_Your objective_
Below are records to repeat exactly. Omit the pictures from the copy.

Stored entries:

────────────────

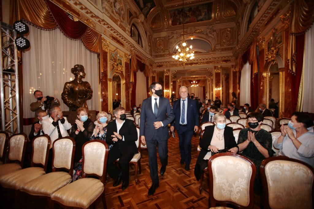 Сьогодні, 10 червня, в рамках робочого візиту Львівщиною, до Львівської національної опери завітав Голова Верховної Ради України Дмитро Разумков. У вишуканому оздобленні Дзеркальної зали, Голова і депутати ВРУ вітали дирекцію та колектив театру, висловили слова подяки й відзначили здобутки театру, вручивши Почесні Грамоти і Грамоти Верховної Ради України.
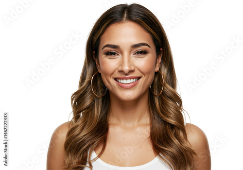 Smiling Hispanic Woman with Long Hair and Hoop Earrings in Front of a Black Background, Exuding Joy and Confidence
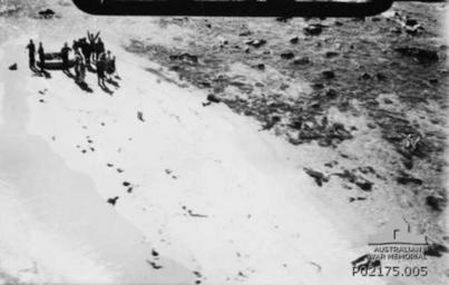 | Keywords: 73 Squadron RAAF Anson aircrew rescue Moruya NSW Dec 1943 AWM P02175.005.jpg AWM caption Australia New South Wales Moruya Aerial photograph of aircrew and local civilians standing on a beach around the inflatable life raft used by aircrew after their plane crashed at sea three miles off the coast of Moruya The crew were flying Anson aircraft AX-510 from No 73 Squadron RAAF on a routine anti-submarine patrol at the time of the crash The crew 406371 Flying Officer Kenneth Rolfe Pilot; 427838 Pilot Officer PO John Harold Duncan Venning navigator and 419125 PO Robert Douglas Kerr air gunner were rescued at sea by local fishermen approximately two hours after the aircraft crashed P02175 005 1943-12-31 author Copyright expired - public domain PD-AustraliaGov No 73 Squadron RAAF Avro Anson aircrew World War II people of the Royal Australian Air Force Moruya New South Wales World War II aerial photographs of Australia Aerial photographs of New South Wales |
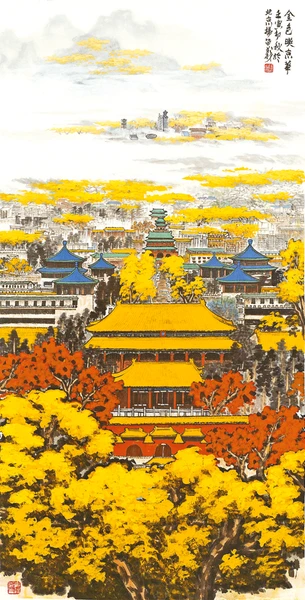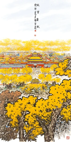 本次展览中,《祖国首都——北京》《金色映京华》等作品以城市山水的艺术形式描绘了北京中轴线上的诸多风景名胜和人文风情,以《北京中轴线永定门》“开篇”,从《天坛之歌》《中华之前门》到《巍峨北京钟鼓楼》《威武德胜门》,从《故宫金秋》的满溢金黄与正红到《登临望颐和》《颐和清心》《皇家御园——北海》《玉泉翠谷》充盈的青山绿水无不反映出艺术家的创作理念。(摘自《中国美术报》)
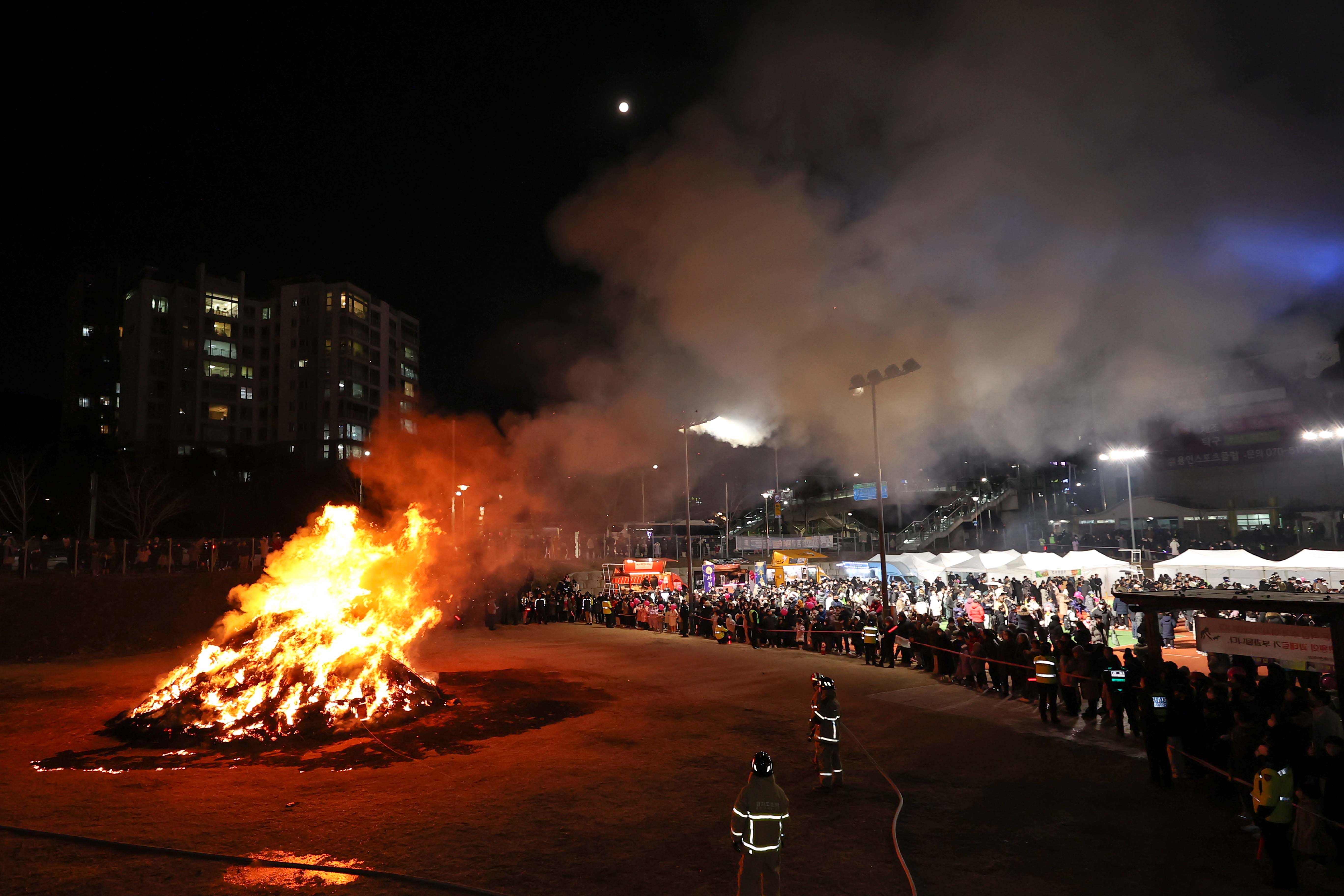 행사의 하이라이트는 달집태우기로, 시민들은 솟아오르는 불기둥을 바라보며 가족의 건강과 안녕을 기원했다.

────────────────

_Task solution_
 Сьогодні, 10 червня, в рамках робочого візиту Львівщиною, до Львівської національної опери завітав Голова Верховної Ради України Дмитро Разумков. У вишуканому оздобленні Дзеркальної зали, Голова і депутати ВРУ вітали дирекцію та колектив театру, висловили слова подяки й відзначили здобутки театру, вручивши Почесні Грамоти і Грамоти Верховної Ради України.
 Smiling Hispanic Woman with Long Hair and Hoop Earrings in Front of a Black Background, Exuding Joy and Confidence
 | Keywords: 73 Squadron RAAF Anson aircrew rescue Moruya NSW Dec 1943 AWM P02175.005.jpg AWM caption Australia New South Wales Moruya Aerial photograph of aircrew and local civilians standing on a beach around the inflatable life raft used by aircrew after their plane crashed at sea three miles off the coast of Moruya The crew were flying Anson aircraft AX-510 from No 73 Squadron RAAF on a routine anti-submarine patrol at the time of the crash The crew 406371 Flying Officer Kenneth Rolfe Pilot; 427838 Pilot Officer PO John Harold Duncan Venning navigator and 419125 PO Robert Douglas Kerr air gunner were rescued at sea by local fishermen approximately two hours after the aircraft crashed P02175 005 1943-12-31 author Copyright expired - public domain PD-AustraliaGov No 73 Squadron RAAF Avro Anson aircrew World War II people of the Royal Australian Air Force Moruya New South Wales World War II aerial photographs of Australia Aerial photographs of New South Wales |
 本次展览中,《祖国首都——北京》《金色映京华》等作品以城市山水的艺术形式描绘了北京中轴线上的诸多风景名胜和人文风情,以《北京中轴线永定门》“开篇”,从《天坛之歌》《中华之前门》到《巍峨北京钟鼓楼》《威武德胜门》,从《故宫金秋》的满溢金黄与正红到《登临望颐和》《颐和清心》《皇家御园——北海》《玉泉翠谷》充盈的青山绿水无不反映出艺术家的创作理念。(摘自《中国美术报》)
 행사의 하이라이트는 달집태우기로, 시민들은 솟아오르는 불기둥을 바라보며 가족의 건강과 안녕을 기원했다.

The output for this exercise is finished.